1. Introducction
The Paris Agreement and the Sustainable Development Goals boosted the global movement to combat climate change and build strong economic foundations worldwide []. In energy sector, this transformational process advocates for universal access to affordable and reliable services. Country-driven strategies are based on three pillars: energy efficiency and conservation, renewable energy sources, and the use low-carbon technologies []. As a consequence, power systems are continuously transitioning from centralized grids to highly decentralized ones due to the widespread deployment of distributed energy resources:distributed generation, distributed energy storage, energy efficiency, demand response and electric vehicles []. The grid of the future will be characterized by integration of smart technologies, business digitization and dynamic markets. Consequently, governments and utilities are adapting their planning, operation, and regulation of energy markets []. Grid modernization is the process of investing in adecaution electrical network infrastructure and cyber-physical systems to meet the sustinable targets of the 21st century []. Here, there is still ample opportunity to make significant contributions, particularly in supporting decision-makers.
This work proposes a comprehensive framework aimed at guiding power grid modernization, with a particular focus on prioritizing investments in distibution systems, valuing cost-benefits, and addressing uncertainty. Leveraging the Decision Analysis dicipline, we integrate a participatory process with stakeholders, multi-objective optimization, exploratory modeling, and scenario discovery, enabling the creation of adaptive pathways whithin multiple plausible futures. Besides the mandatory consideration for power grid modelling, simulation and stochastic analysis, we employing portfolio stress-testing to discern the conditions under which strategies will or will not meet their goals. The feasibility of implementing this framework will be demonstrated through IEEE standard test feeders and a real case study conducted for the National Power and Light Company in Costa Rica. Furthermore, we provide a set of best practices, principles, and open source computational tools to ensure transparency, reproducibility, and scintific integrity of the work.

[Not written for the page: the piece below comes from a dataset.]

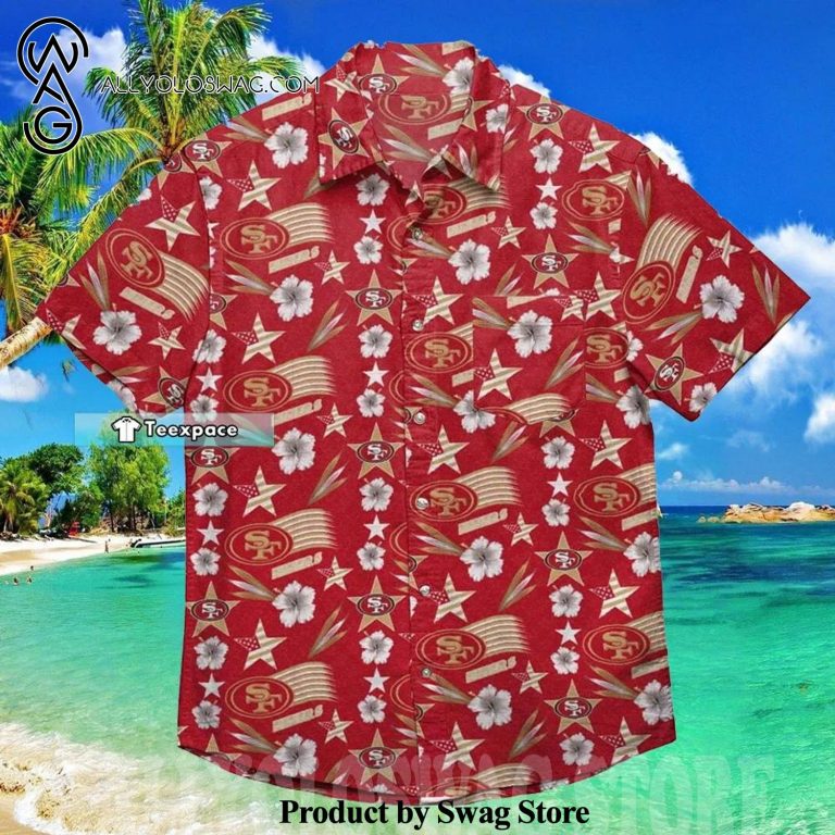 [Top-selling] San Francisco 49ers American Flag Summer Set Hawaiian Shirt was hand-tailored in the early days of fashion. This might happen in the comfort of one’s own home or at a custom tailor’s business. These stores immediately sprang up all across the islands, especially in plantation towns and Honolulu. Newly accessible fabrics from throughout the world were sold at dry goods stores, including printed silk from Japan, raw silk, batik, and rayon from the United States mainland, and cotton cloth for kimonos and yukatas.Hawaiian history had long been shaped by Asian immigrants, and apparel designs reflected this. Short- and long-sleeved shirts, as well as women’s skirts, were created using pre-printed textiles from China and Japan and were based on Asian clothing styles. These bright blouses and dresses were the forerunners of today’s Aloha attire. On the islands, we say “ono” to describe something that is pleasantly cool.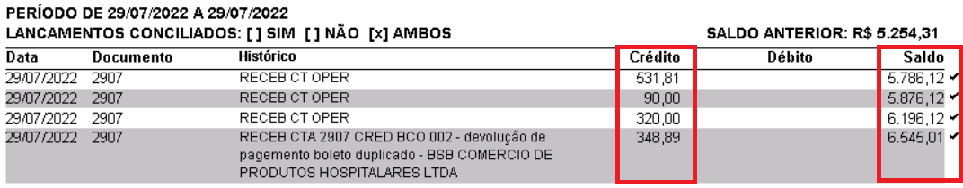 Podemos observar que tivemos 4 movimentações de recebimentos no dia 29 de julho e que o saldo do dia fechou em R$ 6.545,01, sendo que todos os registros desse dia estão conciliados (o “tique” ao lado do saldo indica essa situação).

1.1 Motivation and Problem Statement
Costa Rica has a strong tradition of nature protection and climate change leadership. Through its participation in the Latin American Deep Decarbonisation Pathways Project (DDP-LAC), the country showcased the technical feasibility of deep decarbonisation and its potential socioeconomic benefits, considering the effect of uncertainty [1, 2, 3]. This collaborative scientific project established Costa Rican work as reference study and facilitated the transfer of methodology, capacities, tools, and abilities to other countries in the region, such as Peru [4], This provide reliable evidence of how academia can assist governments in designing strategies:cite:sasse_2018. The motivation of this work is to continue making contributions to the sustainable development of diferent countries through the creation of novel knowledge and the development of advanced computational tools. Currently, the primary emphasis is on guiding the transformation of the power system based on the concept of smart grids as an enabler of sustainability.
In the last decade, significant efforts have been directed towards studying smart grids within the context of integrated energy planning. Several approaches have been proposed, ranging from the utilization of energy optimization models to soft-links between energy models and power system simulators, multi-energy systems modelling, and co-optimization techniques [5, 6, 7, 8, 9, 10, 11, 12, 13, 14]. Indeed, there is no dominant approach; nevertheless, a consensus exists that attaining precise results and emulating real-world situations requires a certain degree of complexity in modelling, coupled with satisfactory computational performance [15, 16, 17, 18]. Furthermore, addressing uncertainties has emerged as a significant focal point of interest prompting a shift from mere optimization towards robustness []. Uncertainty emerges when decision-makers lack clarity or consensus related to the impact of their strategies.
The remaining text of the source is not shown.